Within twenty minutes we were standing—our avatar robots were standing—where we had stopped the previous day: before the opening in the far wall where the train of boxes had come through. The room, as far as we could discern, had not changed. It no longer seemed that the “train cars,” as I had come to think of them, had something seething within.
“Our signal is still good,” Daltry said. “We should be able to walk into there without any problem for control.”
“Let's go,” Karen said. She led the way.
We stepped over a narrow threshold. The “wall” separating the two spaces was thin. On the other side, the light was dimmer. I adjusted my controls until I could see better. Before us stretched a circular room; at our scale, the size of a small stadium. But it was empty. No geometric structures rose from the floor. Instead, the floor was formed of a scale pattern, radiating from the center of the room. And though lights shot through the walls and ceiling, as they did in the space behind us—and which we had started to call the “anteroom"—the floor had only a single light. A circle in the center of the room glowed pale green. Daltry set off toward it.
“Don't enter the circle,” I said. He reluctantly stopped at the edge, the black arms and torso of his robot leaning forward, as if straining to enter the circle.

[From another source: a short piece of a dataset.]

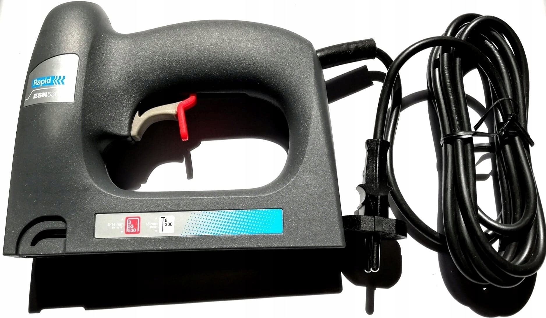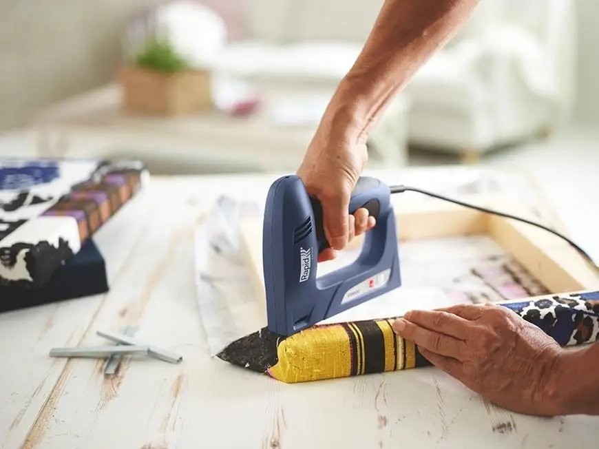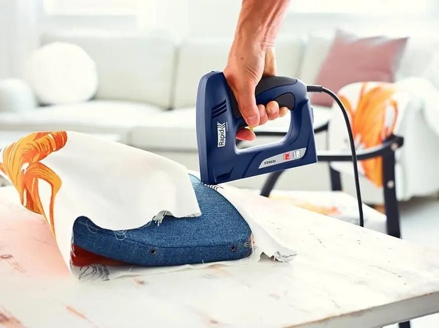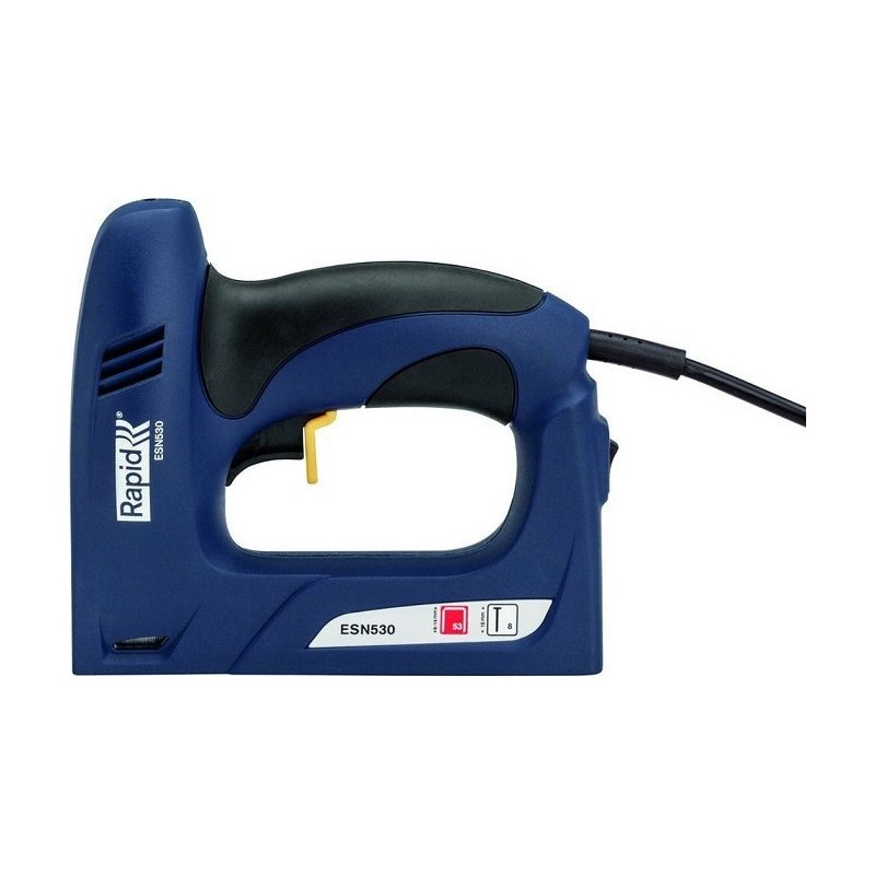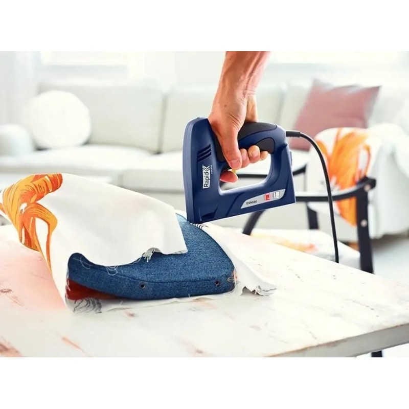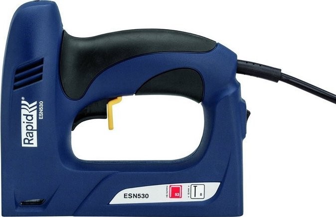 Elektrischer Polstertacker Rapid ESN530 für Rapid 53-Heftklammern und Rapid 8-Nägel. Universeller Tacker für typische Polsterarbeiten, die Befestigung von Stoffen und Isolierfolien sowie alle Innenausbauarbeiten.

“What do you think it is?” Karen asked.
“Maybe nothing,” Daltry said.
“I vote one of us steps onto it,” Karen said.
“Second,” Daltry said.
“All in favor say ‘aye,'” Karen said.
Both of them said, “Aye.”
Before I could utter a sound, they were done with their mock parliament, and Daltry stepped into the circle.
The lights in the walls of the room changed, exploding into rainbow colors. Karen grabbed my arm and pulled me into the circle after her, as if she thought it safer there than outside.
We looked around, wondering what the change in the colors meant.
“Did you see that?” Karen asked.
“What?”
“Something streaked by, then faded. In the air.”
As we watched, another colorful shape shot by, transparently blue. It looked like a graph—blue lines forming a tight network with blue spheres. The color darkened and then disappeared.
As we watched, more such figures appeared. Grids, geometric shapes, fluid dynamic forms. They were like dancing holograms, moving around the air above and around us, changing colors and fading into and out of view.
“It's projecting things. Information. Perhaps trying to communicate,” Karen said.
“What are the visual capabilities of these robots?” Daltry asked.
“A bit of infrared, a bit more ultraviolet. I can give them some artificial color and we'll about double our visible spectrum.” I pulled up a virtual keyboard and typed up the commands. When I was done, the number of figures multiplied in the air around us.
“Wow,” Daltry said.
“It doesn't know what we can see,” Karen said. “It's trying all kinds of spectra.”
A pink grid floated by, the color of cotton candy, near the edge of the circle. Daltry walked over to it. The motion of the grid slowed and stopped.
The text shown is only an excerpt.